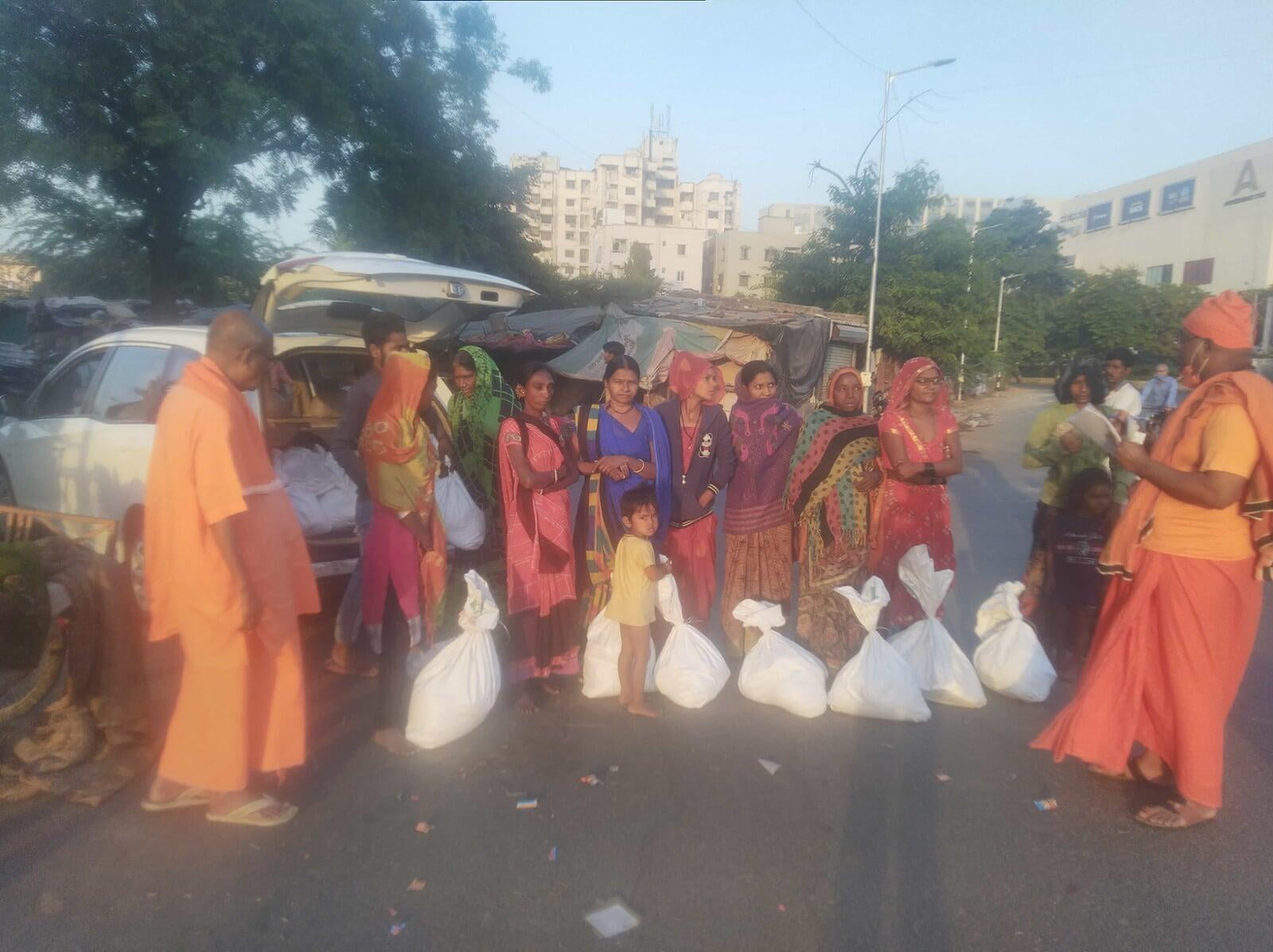 Distribution of Food items, Ration kits, Blankets and Garments etc. to poor and needy people.
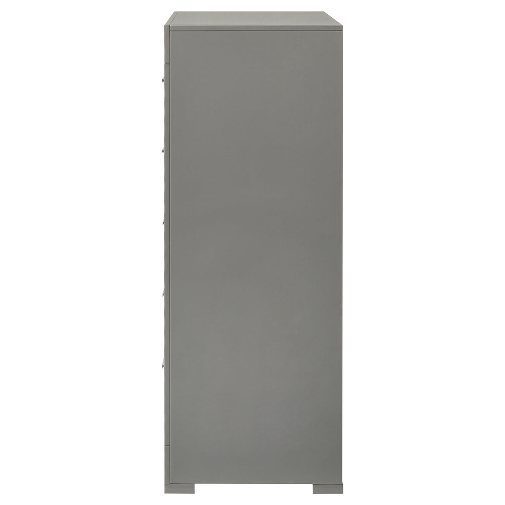 Organize your wardrobe in style with this contemporary chest. The high gloss finish and 3-dimensional diamond tile emboss provide a chic, modern look that enhances any bedroom decor. Five spacious drawers offer ample storage for clothing and linens, each with felt lining in the top drawers to protect your delicate items. The chest is built with robust materials and English dovetail joinery, ensuring durability and smooth functionality. This piece is both practical and stylish, perfect for a modern home.
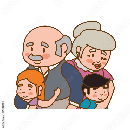 elder couple children grandsons family icon vector illustration
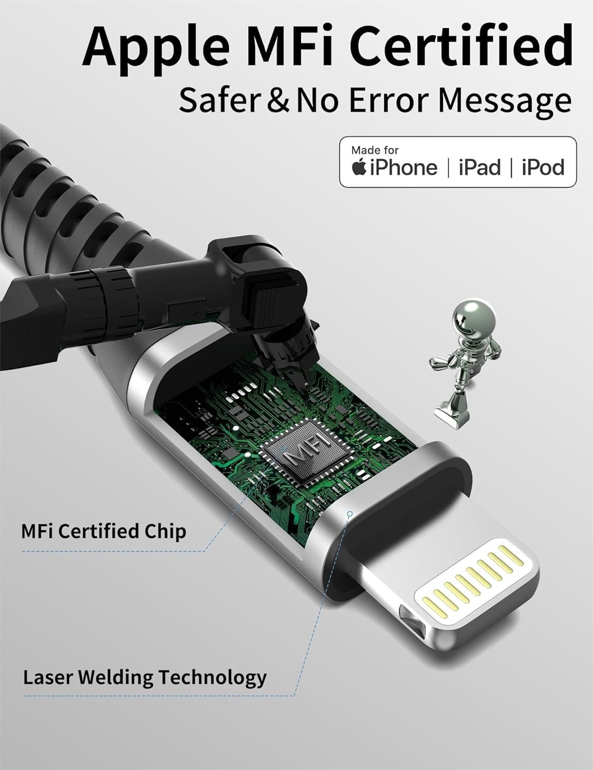 【MFi Certified & Support CarPlay】Each Coiled Apple Charger Cable is built-in with an Apple original chipset to ensure 100% compatibility with your iPhone, and be able to connect to the vehicles’computer to initiate Apple CarPlay effortlessly.

########################################

Without copying any picture, write out all of the material exactly as it reads.

 Distribution of Food items, Ration kits, Blankets and Garments etc. to poor and needy people.
 Organize your wardrobe in style with this contemporary chest. The high gloss finish and 3-dimensional diamond tile emboss provide a chic, modern look that enhances any bedroom decor. Five spacious drawers offer ample storage for clothing and linens, each with felt lining in the top drawers to protect your delicate items. The chest is built with robust materials and English dovetail joinery, ensuring durability and smooth functionality. This piece is both practical and stylish, perfect for a modern home.
 elder couple children grandsons family icon vector illustration
 【MFi Certified & Support CarPlay】Each Coiled Apple Charger Cable is built-in with an Apple original chipset to ensure 100% compatibility with your iPhone, and be able to connect to the vehicles’computer to initiate Apple CarPlay effortlessly.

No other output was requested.